Segment Start: THE INPUT

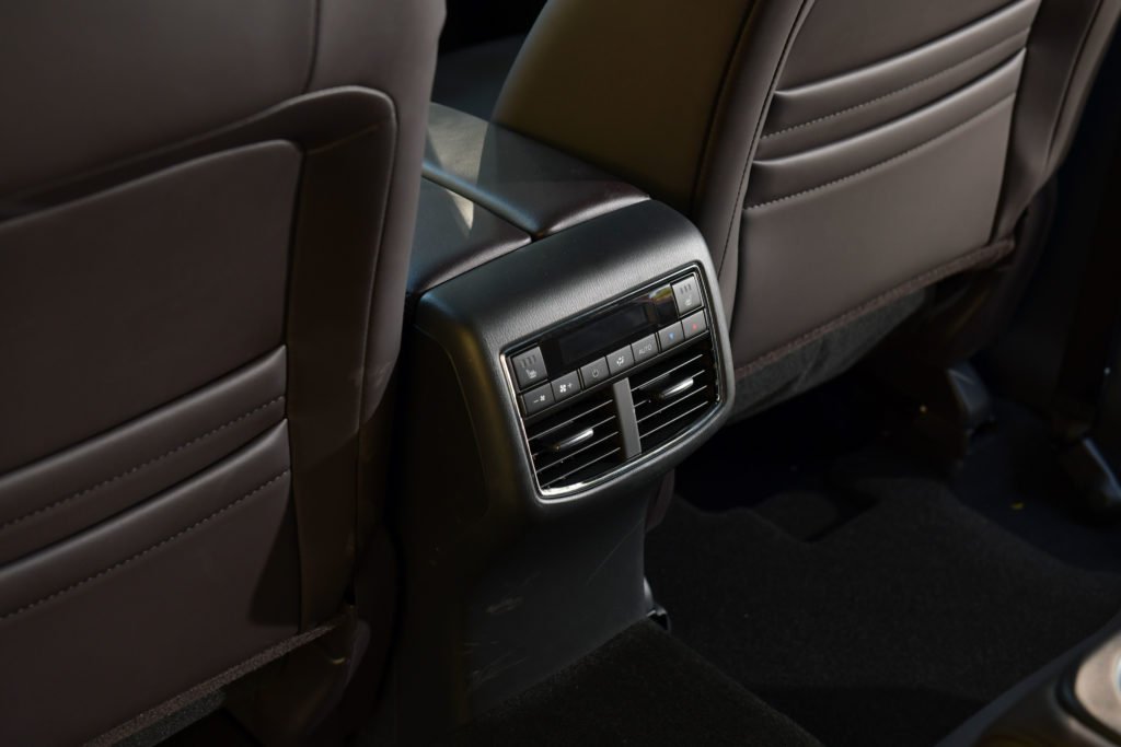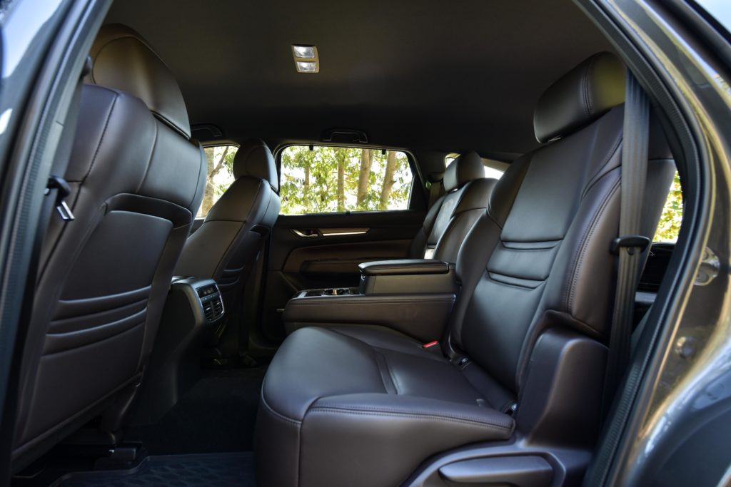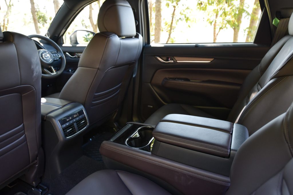 ประตูหลังเปิดได้กว้าง 80 องศา ช่วยให้เข้าออกสะดวกทั้งเด็กเล็กและผู้สูงอายุ พื้นที่เบาะแถวสองกว้างขวาง คนตัวสูง 180 ซม. ยังมีที่ว่างเหลือๆ เป็นเบาะแบบ Captain Seat แยก 2 ฝั่งซ้ายขวาชัดเจน มีคอนโซลกลางกั้น ตัวเบาะใหญ่ นุ่ม นั่งสบายที่สุดของรถมาสด้าเลยท่าน มีระบบอุ่นเบาะ ปรับเอนได้ 22 – 30 องศา ปรับเลื่อนหน้า-หลังได้ 120 มม. แต่เป็นระบบปรับมือทั้งหมด ตัวคอนโซลกลางเป็นที่วางแก้วและกล่องเก็บของ ภายในมีช่อง USB 2 ช่อง มีแอร์ตอนหลังที่สามารถปรับแรงลมและอุณหภูมิได้
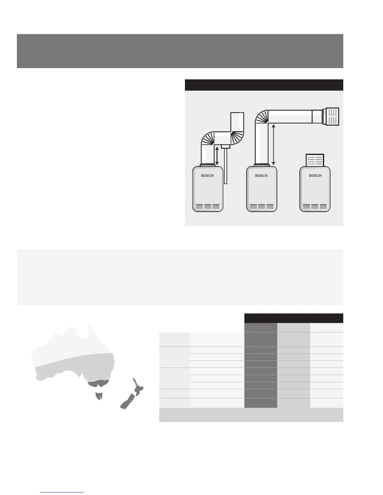 Bosch TF250 - Commercial flueing accessories; Sizing guide; Sizing guide by bathrooms and climate
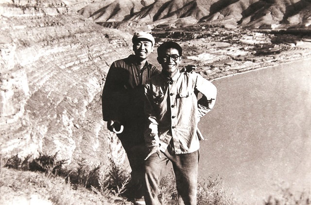 1970年,路遙(左)與曹谷溪在延水關古渡前
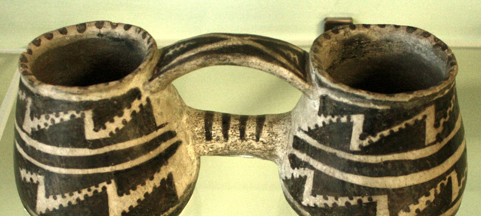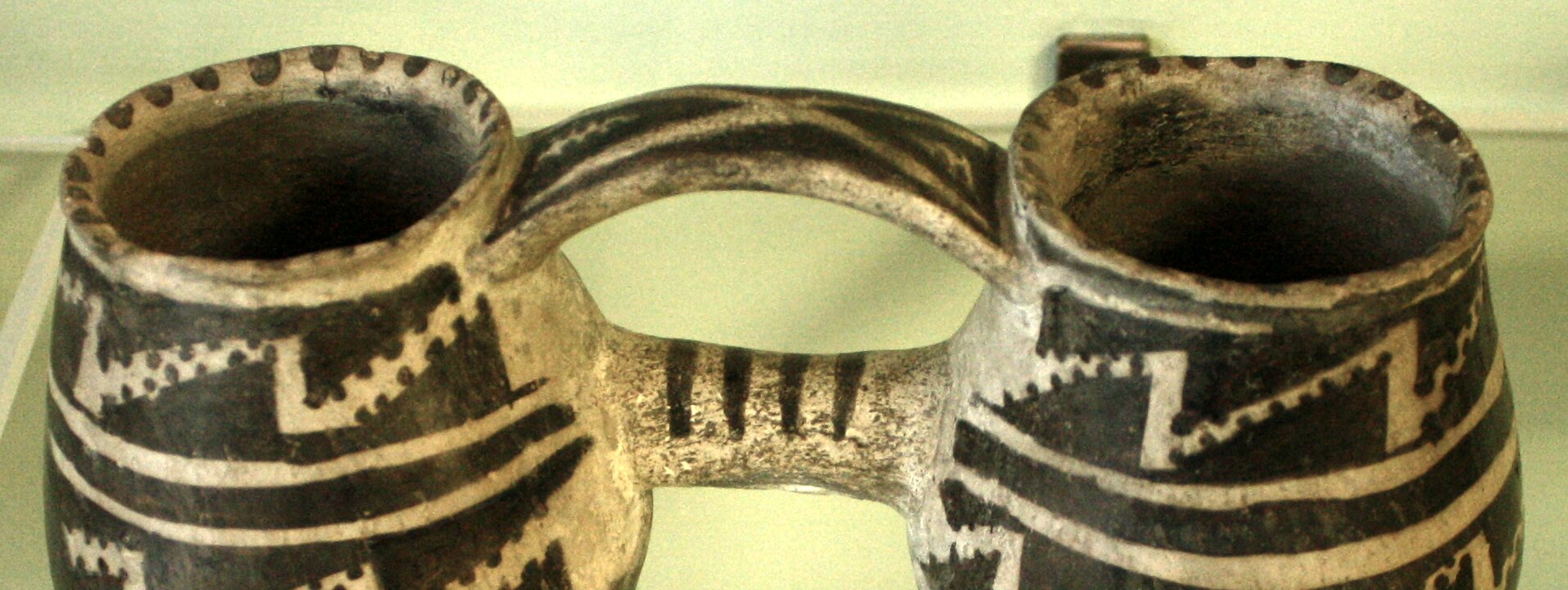 Basketmaker period (1-450 AD). Bag made of mountain sheep hide. Gourd vessel suspended in a net of yucca fiber and human hair. Gourd-form pitcher. Pipe with animal head. Animal effigy pottery, unusual in Mesa Verde. Sandals. Mimbres classic bowl. Double mug. 2969 beads, pendants and inlay pieces. Necklace. Cliff Palace Labels
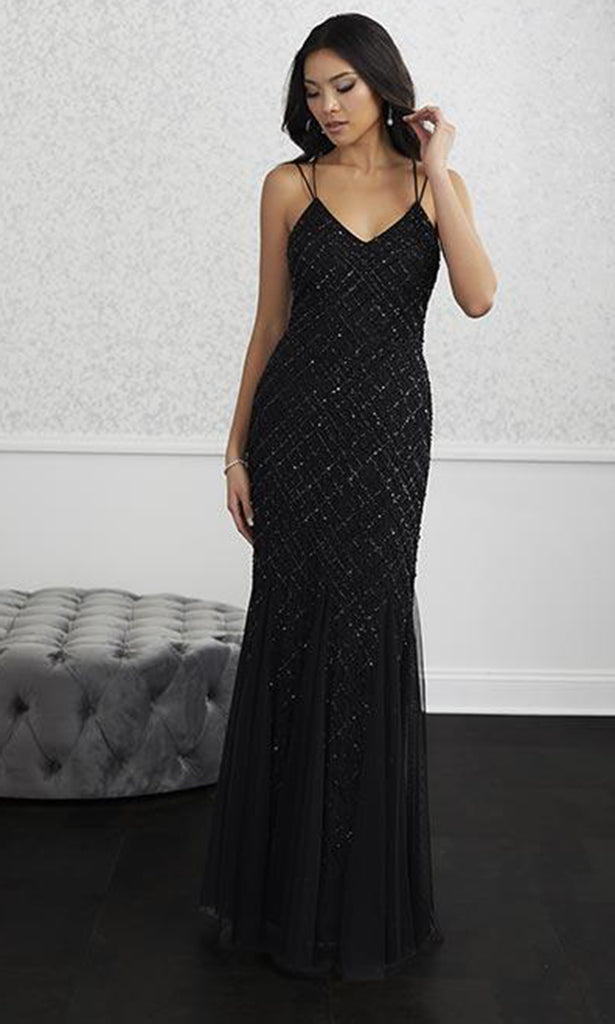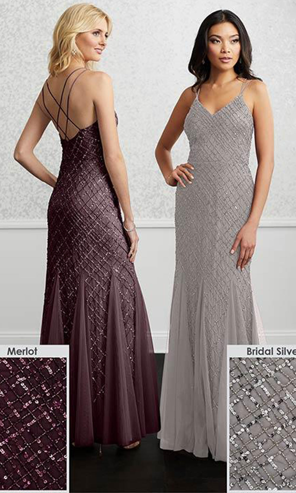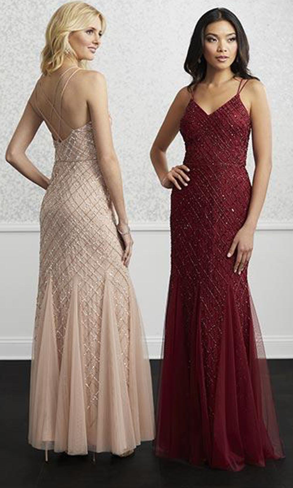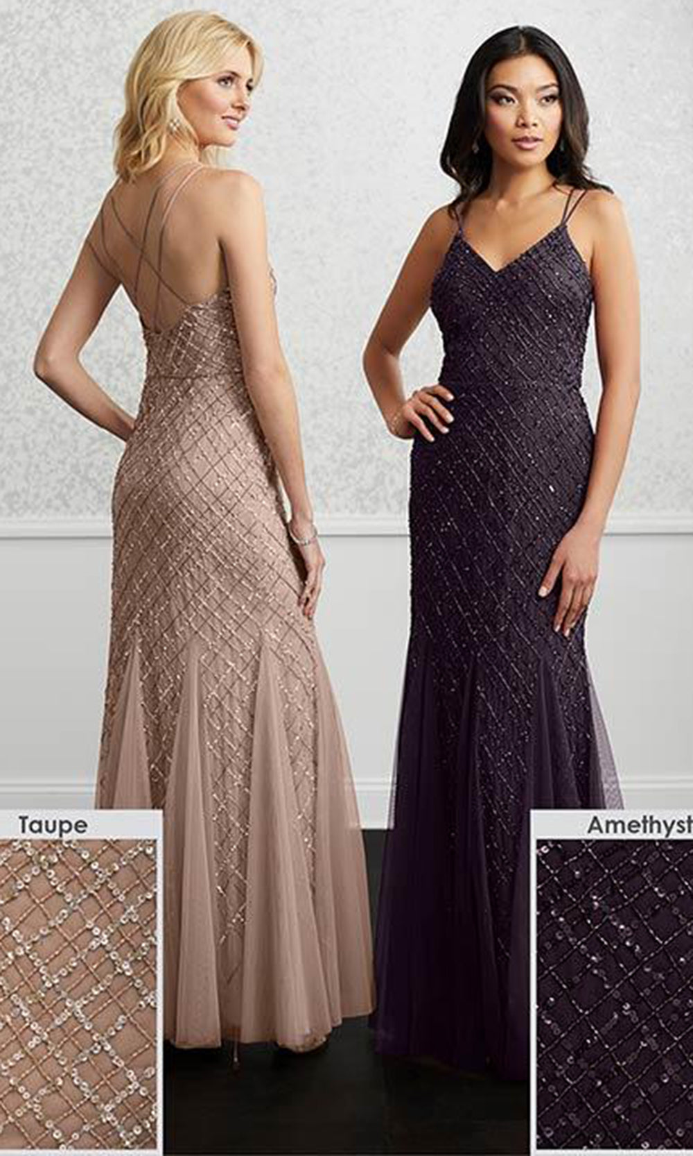 | Details: | Double Spaghetti Straps, Beaded Pattern, Double Crisscross Strapped Back, Back Zipper Closure, Mesh Godets, Full Length Hem |

Segment End: THE INPUT

Starting at the line that holds "Bosch TF250 - Commercial", copy each line exactly through the end of the material above, keeping both ends and dropping the pictures.

▸ **OUTPUT FOR THIS TASK**:
 Bosch TF250 - Commercial flueing accessories; Sizing guide; Sizing guide by bathrooms and climate
 1970年,路遙(左)與曹谷溪在延水關古渡前
 Basketmaker period (1-450 AD). Bag made of mountain sheep hide. Gourd vessel suspended in a net of yucca fiber and human hair. Gourd-form pitcher. Pipe with animal head. Animal effigy pottery, unusual in Mesa Verde. Sandals. Mimbres classic bowl. Double mug. 2969 beads, pendants and inlay pieces. Necklace. Cliff Palace Labels
 | Details: | Double Spaghetti Straps, Beaded Pattern, Double Crisscross Strapped Back, Back Zipper Closure, Mesh Godets, Full Length Hem |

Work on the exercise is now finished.